**Entries provided**
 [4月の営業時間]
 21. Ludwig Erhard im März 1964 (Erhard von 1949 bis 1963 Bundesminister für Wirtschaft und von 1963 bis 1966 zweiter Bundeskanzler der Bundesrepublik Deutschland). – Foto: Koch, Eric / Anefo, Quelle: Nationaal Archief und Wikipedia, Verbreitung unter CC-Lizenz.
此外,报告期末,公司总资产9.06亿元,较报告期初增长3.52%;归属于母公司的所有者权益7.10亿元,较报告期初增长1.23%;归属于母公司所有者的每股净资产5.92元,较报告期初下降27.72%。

...

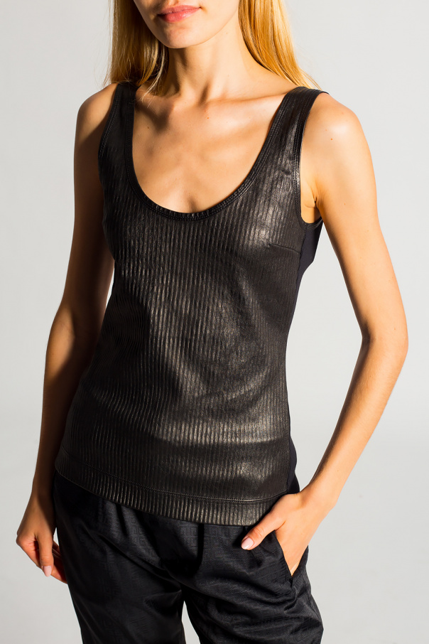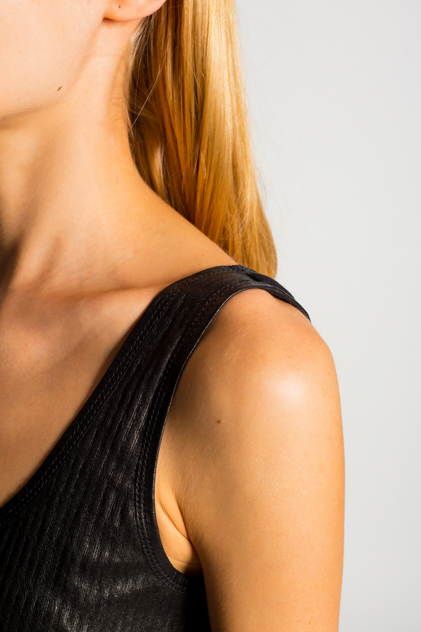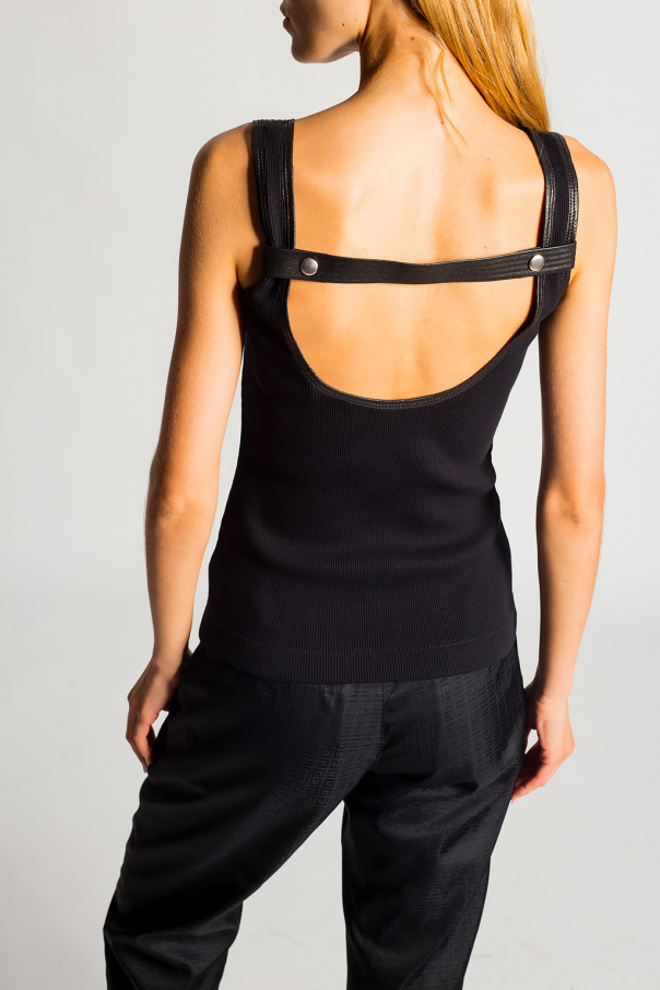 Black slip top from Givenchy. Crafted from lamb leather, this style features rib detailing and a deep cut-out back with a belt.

==

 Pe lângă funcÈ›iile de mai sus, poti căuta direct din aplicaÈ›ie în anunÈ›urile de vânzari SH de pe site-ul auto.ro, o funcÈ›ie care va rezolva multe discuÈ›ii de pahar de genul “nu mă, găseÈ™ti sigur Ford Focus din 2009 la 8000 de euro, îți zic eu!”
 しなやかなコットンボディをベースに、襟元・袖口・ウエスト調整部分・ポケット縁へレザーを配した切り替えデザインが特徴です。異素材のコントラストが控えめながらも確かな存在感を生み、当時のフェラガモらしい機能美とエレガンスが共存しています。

**Work order**
Using the entries above, output exactly the lines between the line holding "21. Ludwig Erhard" and the line holding "此外,报告期末,公司总资产9", end lines included, and nothing more.

**Task result**
 21. Ludwig Erhard im März 1964 (Erhard von 1949 bis 1963 Bundesminister für Wirtschaft und von 1963 bis 1966 zweiter Bundeskanzler der Bundesrepublik Deutschland). – Foto: Koch, Eric / Anefo, Quelle: Nationaal Archief und Wikipedia, Verbreitung unter CC-Lizenz.
此外,报告期末,公司总资产9.06亿元,较报告期初增长3.52%;归属于母公司的所有者权益7.10亿元,较报告期初增长1.23%;归属于母公司所有者的每股净资产5.92元,较报告期初下降27.72%。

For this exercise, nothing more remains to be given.